Will Marketers Finally Free Wifi?
If you're tired of paying hourly rates for your internet connection, sponsored wifi which by many accounts struggled at best as a standalone business concept, may be making a comeback as a marketing one. Last week, we ran into a pop-up hotspot from Coke and Delta in the trendy meatpacking district. With Google's announcement today that they'll be providing sponsored wifii for Virgin America flights this holiday season we couldn't help, but think perhaps marketers are ready to give wifi another go. Of course, with today's announcement we couldn't be reminded of Google and the city of San Francisco's ambitious plans to prove free wifi for all back in 2005. After Google and Earthlink eventually dropped the project, last year a company called Meraki picked up the idea and has been trying to launch an ad-supported wifi network in some municipalities including San Francisco.

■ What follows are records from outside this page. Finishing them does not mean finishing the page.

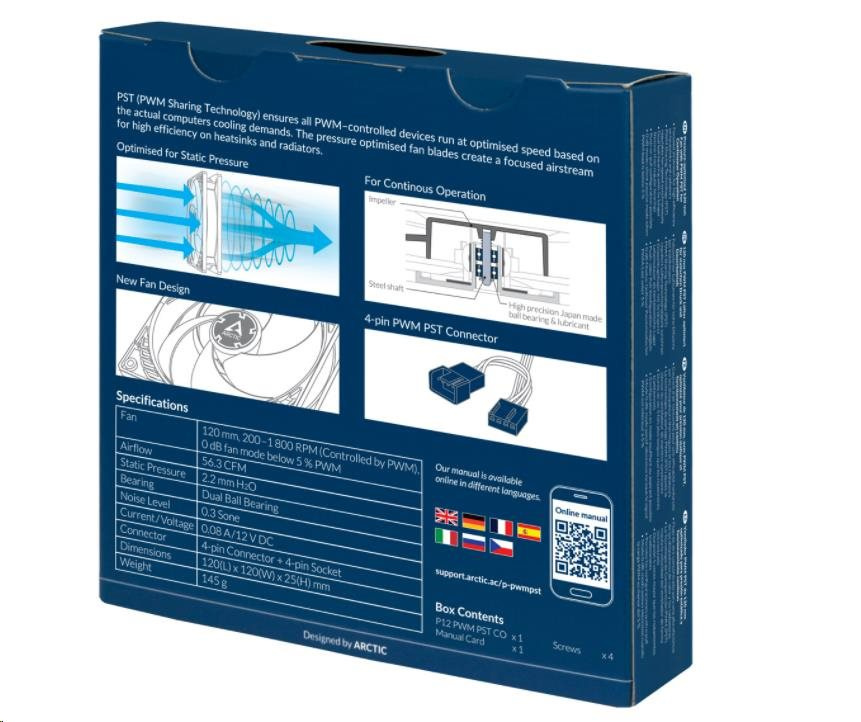 ARCTIC ventilátor P12 PWM PST CO 120mm, 4-pinový, PWM, 12V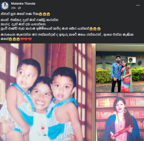 අවුරුදු 13 ක අපේ යාළුකම.. උබට එහෙම නවත්තලා යන්න පුලුවන්ද ..? උබ කිව්වා නෙද මාව බලන්න එනවා කියලා..කෝ දැන් උබ...මට හරි පාලුයි බන්...කොල් එකක් අරන් මහා හයියෙන් හිනා වෙමුකෝ... උබ මට කියන්නැතිවම කොහෙද ගියේ...මන් කවදාවත් හිතුවේ නැහැ එදා මේ Photo ගත්තේ මෙහම දවසක දාන්න කියලා..මොනා කියන්නද කියලා තෙරෙන්නෑ මැණිකේ..මන් ඊයේ ඉදන් හිතුවා කොහේ හරි තැනක පණ ගැටගහගෙන මයේ කෙල්ල ඇති කියලා...එත් අද උබ යන්නම ගිහින් කියලා දැනගත්තාම දරාගන්න අමාරුයි බන්..මට කෝ බන් දැන් උබ වගේ හොද යාළුවෙක්... කිව්වා නේද තව 30 ක් ඉදලාම මැරෙනවා කියලා...ඇයි ඉතිං ..? කියන්න කිසිම වැරැද්දක් නැති හොදම යාළුවෙක්..මගේ ජිව්තේ මට ගොඩාක් උදව් කරපු කෙනෙක් ඔයා...එහෙම යාළුවෝ හරි අඩුයි..එ නිසාම ,අයෙත් මුණගැහෙමු මගේ හොදම යාලුවා වෙලා..... කිසිම ආත්මයක අයේ මේ වගේ විපතක් වෙන්න එපා.. අනිවාර්යයෙන් හොද තැනක ඉපදෙනවා මගේ කෙල්ල .. නිවන් සුව කියලා කියන්නේ කොහොමද... මේ වගේ post එකක් දන්න හිතුවෙත් නැහැ ...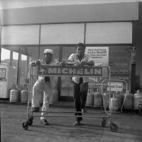 135. EAP054/1/156/135 Reference (shelfmark): EAP054/1/156/135 Title: Recreational photograph [c 1981] Scope & Content: 2 young men standing, leaning on a Michelin sign, in front of the canteen of the Mobil petrol station in Mbouda; fuel pump on left, fire extinguisher on wall on right. Format of original: 59mm x 59mm plastic negative Collection Area: Endangered Archives Programme Languages: Not applicable Date Range: c 1981 Extent: 1 TIFF image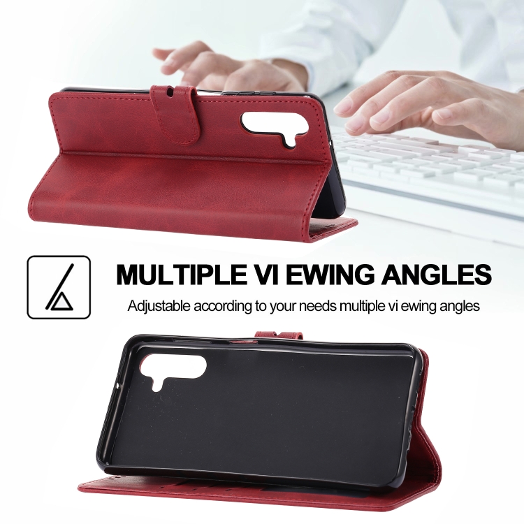 Funda para Teléfono Samsung Galaxy A35 5G Cuero con Tapa Patrón Gato Feliz (Rojo)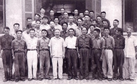 Bộ trưởng Trần Quốc Hoàn chụp ảnh kỷ niệm với cán bộ, giáo viên Trường Sĩ quan An ninh (nay là Học viện ANND) năm 1974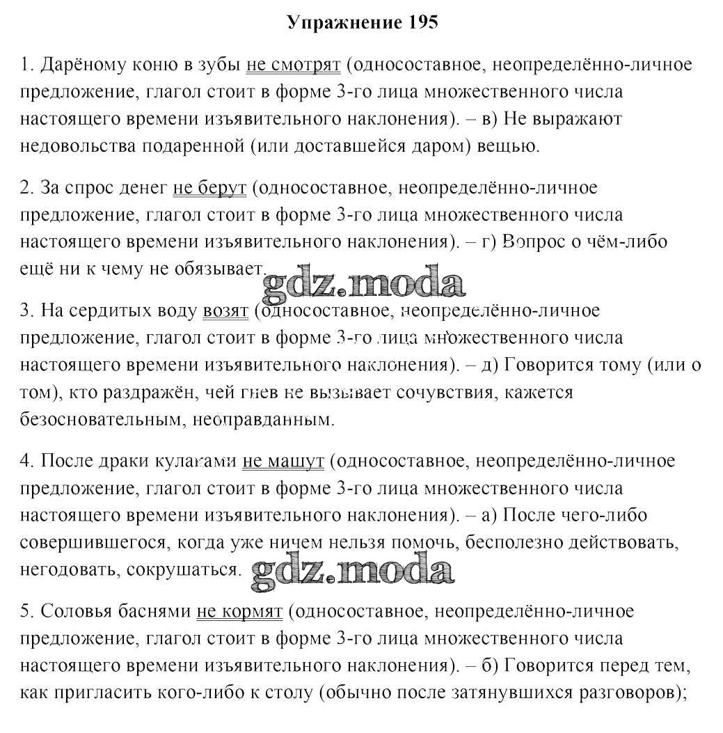 ОТВЕТ на задание № 195 Учебник по Русскому языку 8 класс Мурина
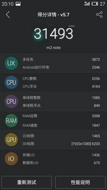 64位CPU配合64位系统,形成双64位架构,对于用户的实际体验怎么样?可能从目前大多数还针对32位开发的程序来说,用户切实能够感受到的变化少之又少,我们可以期待下未来64位应用所带来的改变。经过简单的测试不难发现,魅蓝note2从数据上显示出来的性能相比魅蓝note有所降低,

While there have been some marketing missteps, such as AMD's guerilla rollout of sponsored hotspots (stealth even to some of the owners of hotspots AMD said to have sponsored), sponsored wifi has always seemingly offered promise. Wifi provides a highly valued service in many environments, reaches an attractice marketing demographic and has the opportunity to generate direct leads and sales online. However, provider driven advertising and sponsorship opportunities haven't exactly captured marketers imaginations. Sponsorship, of any form is not an advertisement or a charitable donation. It seems some providers were treating it as such. So now, marketers are taken things into their own hands and developing their own experiential initiatives around wifi that deliver on a diverse set of marketing benefits (sampling, sales, lead gen, etc.). While these unique ideas may not always be easy to scale, it also just might mean a sponsored wifi model that actually works for providers, sponsors and users. Here's three relatively recent marketing driven sponsored wifi experiences:
The Sponsor - The Hitch - The Alternative
Hitch: Fill Up Your SBX card with at least $5 and get 2 hours of free wifi on every visit.
Alternative: AT&T Wifi at ~ $20/month
Hitch: Not sure about the hitch, but Google says it's simply looking to bring a holiday stress reliever to Virgin America flights
Alternative: $13/long haul flights
Hitch: Sample Diet Cokes and learn about new routes (not so bad huh?)
Alternative: ~$49.99 Sprint Aircard
Ok, so while wires are strictly prohibited sponsored wifi does not come without strings. Try bringing a pepsi into a diet coke wifi zone. Think Bing will be easily accessible on Google wifi? But we accept this trade-off for a sponsored/discounted experience. As a customer I'll gladly Bing, Google, Mahalo or any other verb that wants to sponsor some free wifi on my next flight.